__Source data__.
★ ★ ★ ★ ★

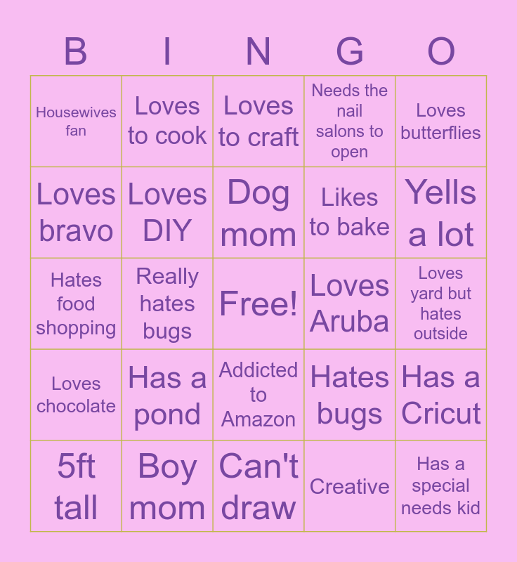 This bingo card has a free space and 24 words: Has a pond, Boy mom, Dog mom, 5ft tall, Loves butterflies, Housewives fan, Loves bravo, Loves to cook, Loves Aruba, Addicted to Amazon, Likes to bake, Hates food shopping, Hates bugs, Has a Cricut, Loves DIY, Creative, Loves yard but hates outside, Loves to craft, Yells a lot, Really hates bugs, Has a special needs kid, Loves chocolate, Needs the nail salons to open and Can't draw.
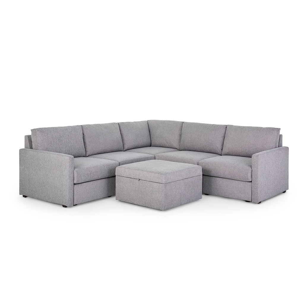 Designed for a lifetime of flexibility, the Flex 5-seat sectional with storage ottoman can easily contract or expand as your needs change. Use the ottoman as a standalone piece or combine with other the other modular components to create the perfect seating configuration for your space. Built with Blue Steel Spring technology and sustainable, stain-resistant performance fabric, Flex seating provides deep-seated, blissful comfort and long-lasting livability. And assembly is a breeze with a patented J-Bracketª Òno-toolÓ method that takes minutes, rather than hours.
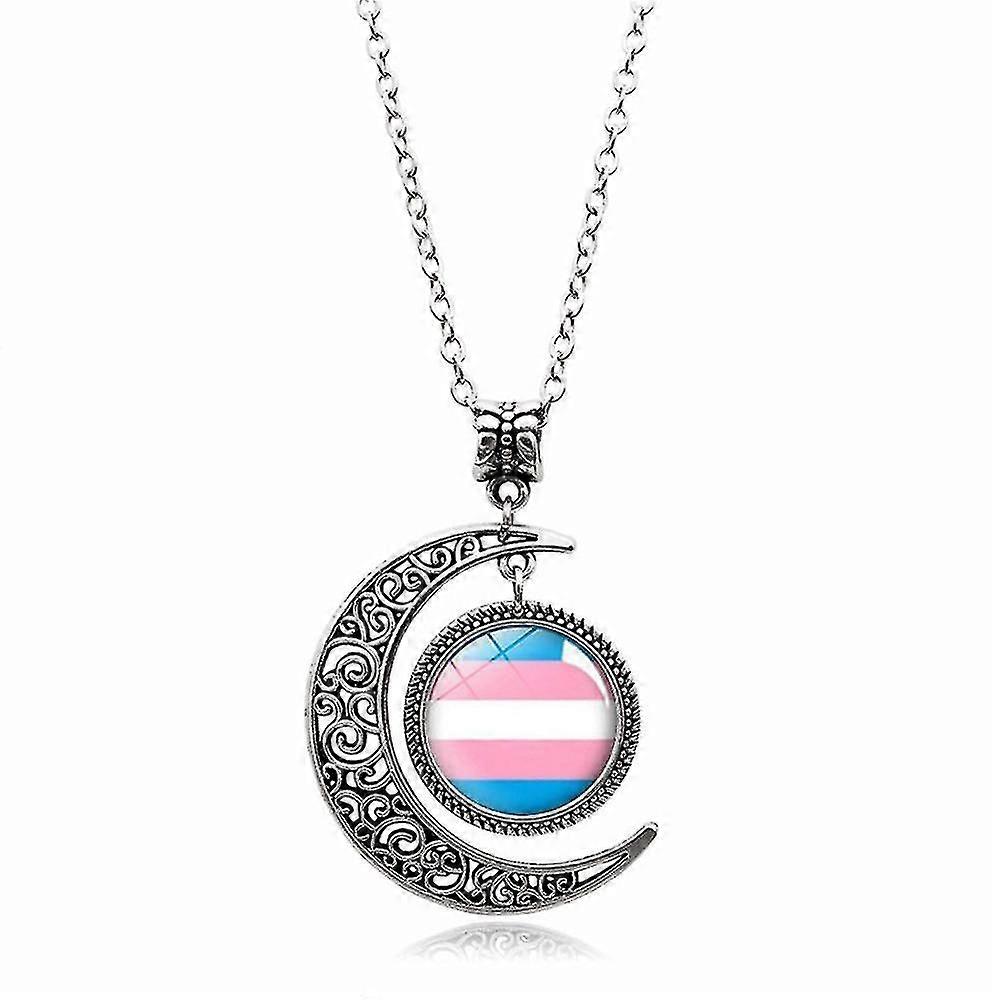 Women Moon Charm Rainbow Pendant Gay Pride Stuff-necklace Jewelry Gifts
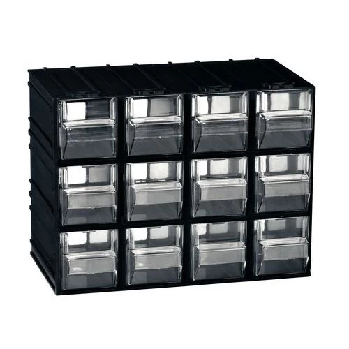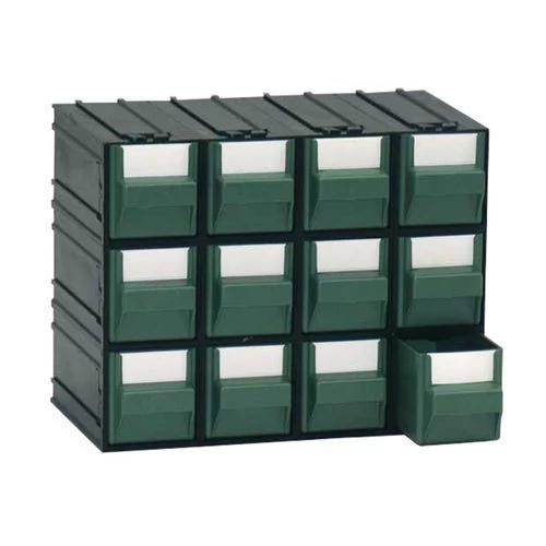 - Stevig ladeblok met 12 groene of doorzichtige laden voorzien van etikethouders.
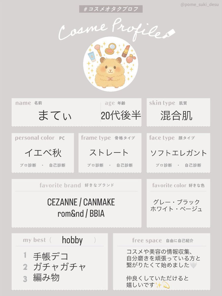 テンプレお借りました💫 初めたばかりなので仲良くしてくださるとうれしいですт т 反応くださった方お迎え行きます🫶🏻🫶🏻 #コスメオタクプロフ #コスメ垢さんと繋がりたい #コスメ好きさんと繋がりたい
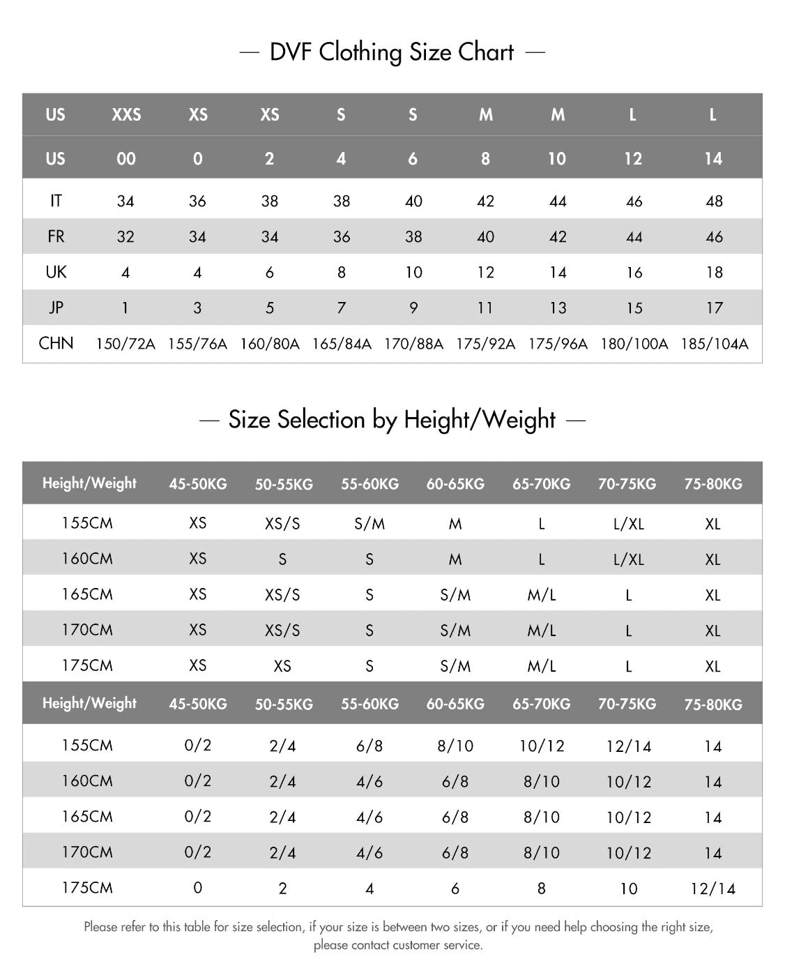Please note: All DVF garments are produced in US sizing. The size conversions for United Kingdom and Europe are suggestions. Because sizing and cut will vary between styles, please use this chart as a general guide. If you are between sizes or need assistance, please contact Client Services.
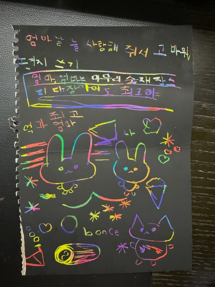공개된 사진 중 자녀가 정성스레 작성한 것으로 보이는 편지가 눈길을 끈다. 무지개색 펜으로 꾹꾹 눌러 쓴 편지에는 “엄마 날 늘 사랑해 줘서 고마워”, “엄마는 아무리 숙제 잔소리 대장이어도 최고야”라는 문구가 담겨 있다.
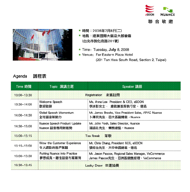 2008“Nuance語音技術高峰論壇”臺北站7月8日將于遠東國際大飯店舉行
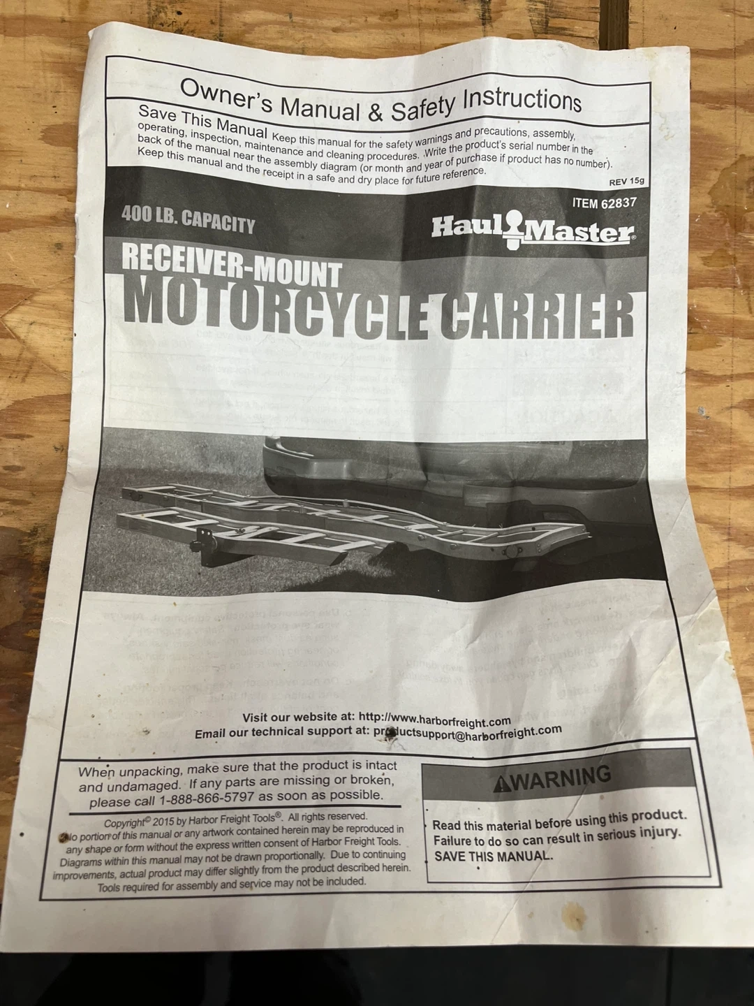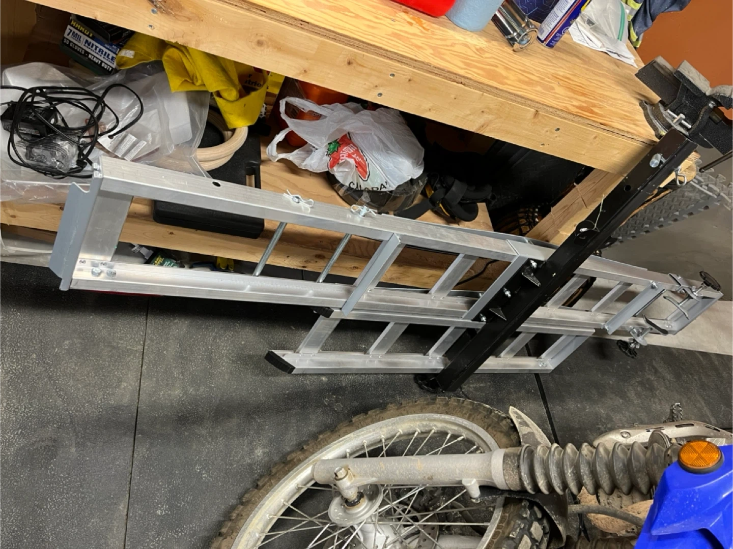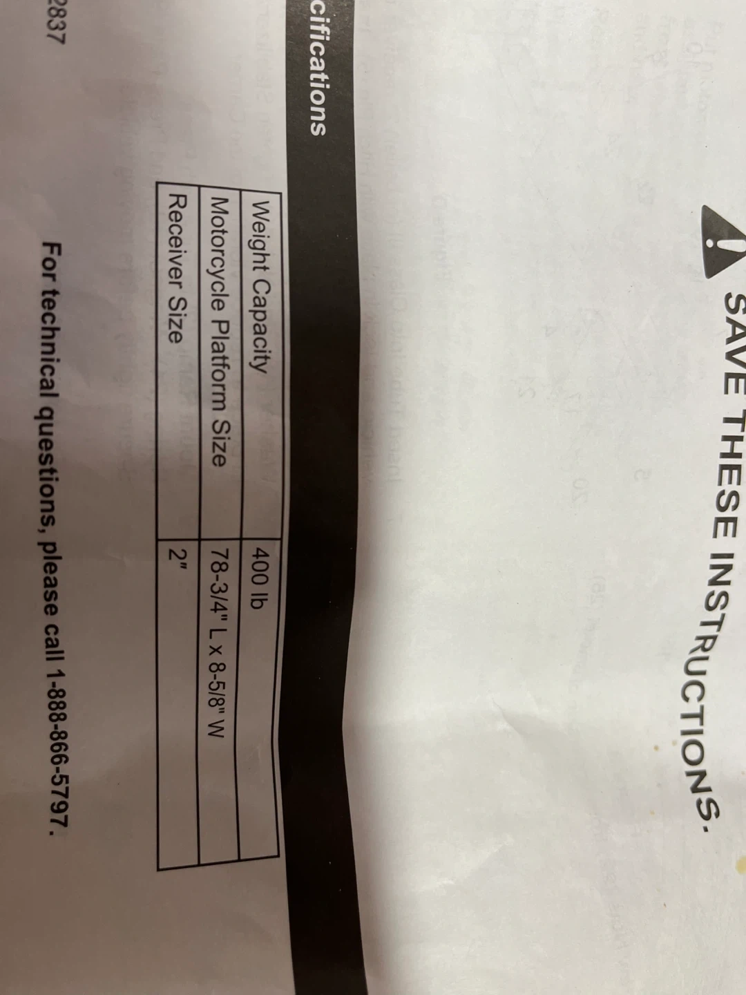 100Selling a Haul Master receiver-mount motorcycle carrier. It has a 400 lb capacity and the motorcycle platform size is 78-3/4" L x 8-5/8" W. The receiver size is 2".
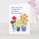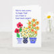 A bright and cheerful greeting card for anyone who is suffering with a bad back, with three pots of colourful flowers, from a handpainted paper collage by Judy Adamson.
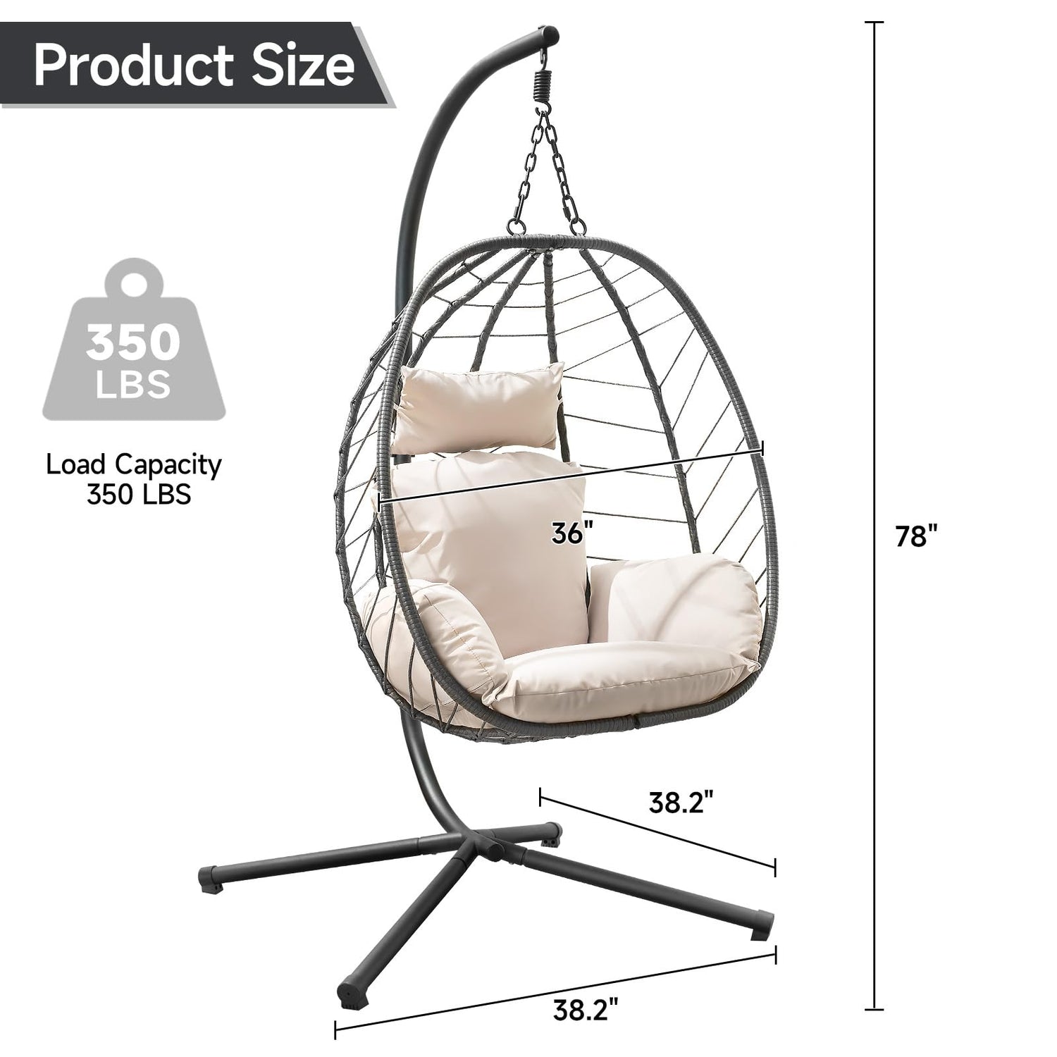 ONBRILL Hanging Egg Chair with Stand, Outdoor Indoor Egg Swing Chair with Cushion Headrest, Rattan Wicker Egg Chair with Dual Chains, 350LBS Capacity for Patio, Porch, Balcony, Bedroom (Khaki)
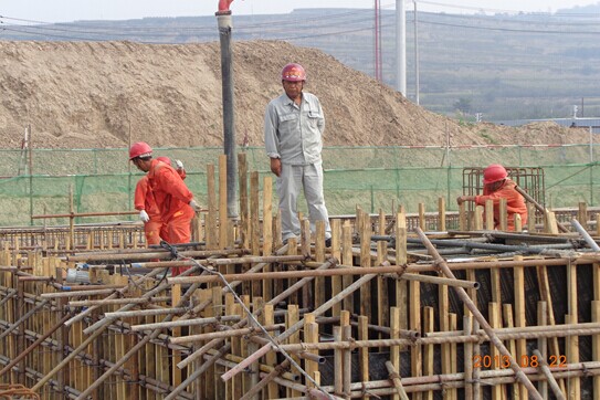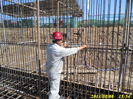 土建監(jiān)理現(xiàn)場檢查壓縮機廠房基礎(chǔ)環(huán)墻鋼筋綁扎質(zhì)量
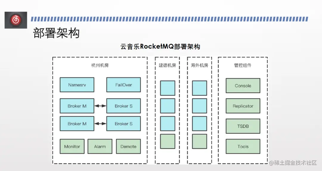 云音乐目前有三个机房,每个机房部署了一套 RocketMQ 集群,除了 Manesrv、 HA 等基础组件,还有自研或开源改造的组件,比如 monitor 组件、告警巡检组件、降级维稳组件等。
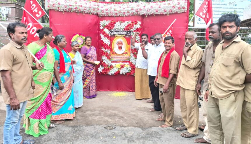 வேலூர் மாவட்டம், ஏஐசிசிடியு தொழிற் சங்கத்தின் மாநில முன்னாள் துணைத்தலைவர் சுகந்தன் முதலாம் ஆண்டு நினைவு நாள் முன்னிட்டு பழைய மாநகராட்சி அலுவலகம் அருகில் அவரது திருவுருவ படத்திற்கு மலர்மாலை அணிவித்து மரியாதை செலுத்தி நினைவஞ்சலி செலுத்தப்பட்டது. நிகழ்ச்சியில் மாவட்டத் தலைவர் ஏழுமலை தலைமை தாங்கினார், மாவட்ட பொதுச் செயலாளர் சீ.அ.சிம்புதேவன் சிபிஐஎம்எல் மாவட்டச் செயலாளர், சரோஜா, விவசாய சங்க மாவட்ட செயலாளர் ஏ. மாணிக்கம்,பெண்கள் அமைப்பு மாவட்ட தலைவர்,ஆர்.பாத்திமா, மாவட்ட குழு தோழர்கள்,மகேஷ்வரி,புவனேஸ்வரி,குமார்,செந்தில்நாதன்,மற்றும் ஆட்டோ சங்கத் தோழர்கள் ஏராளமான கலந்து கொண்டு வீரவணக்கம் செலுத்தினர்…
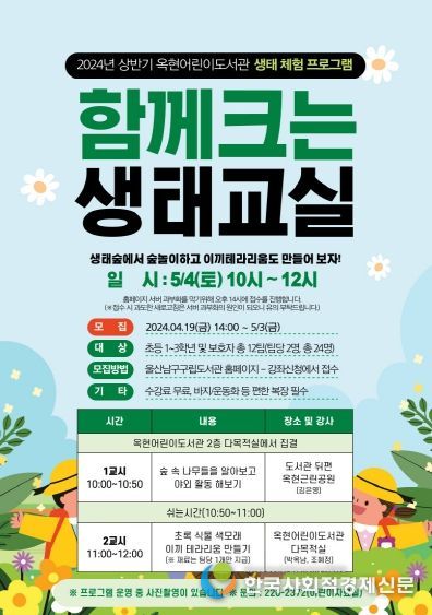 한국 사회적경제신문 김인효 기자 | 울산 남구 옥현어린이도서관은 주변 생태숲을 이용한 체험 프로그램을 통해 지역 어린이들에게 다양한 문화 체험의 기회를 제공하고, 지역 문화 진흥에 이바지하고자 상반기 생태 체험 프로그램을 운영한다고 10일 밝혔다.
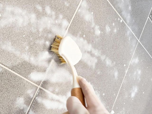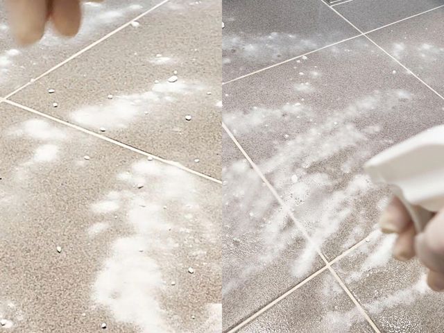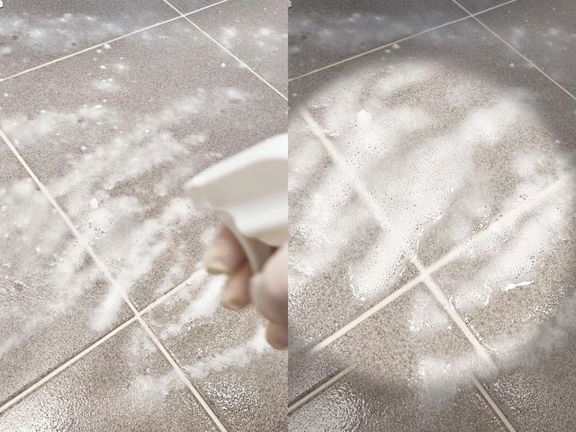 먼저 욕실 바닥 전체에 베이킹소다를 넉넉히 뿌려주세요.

★ ★ ★ ★ ★

__What is needed__. Print, please, exactly the lines from the one holding "한국 사회적경제신문 김인효" through the final line of the data, both included, while leaving out each picture.

__Problem solution__.
 한국 사회적경제신문 김인효 기자 | 울산 남구 옥현어린이도서관은 주변 생태숲을 이용한 체험 프로그램을 통해 지역 어린이들에게 다양한 문화 체험의 기회를 제공하고, 지역 문화 진흥에 이바지하고자 상반기 생태 체험 프로그램을 운영한다고 10일 밝혔다.
 먼저 욕실 바닥 전체에 베이킹소다를 넉넉히 뿌려주세요.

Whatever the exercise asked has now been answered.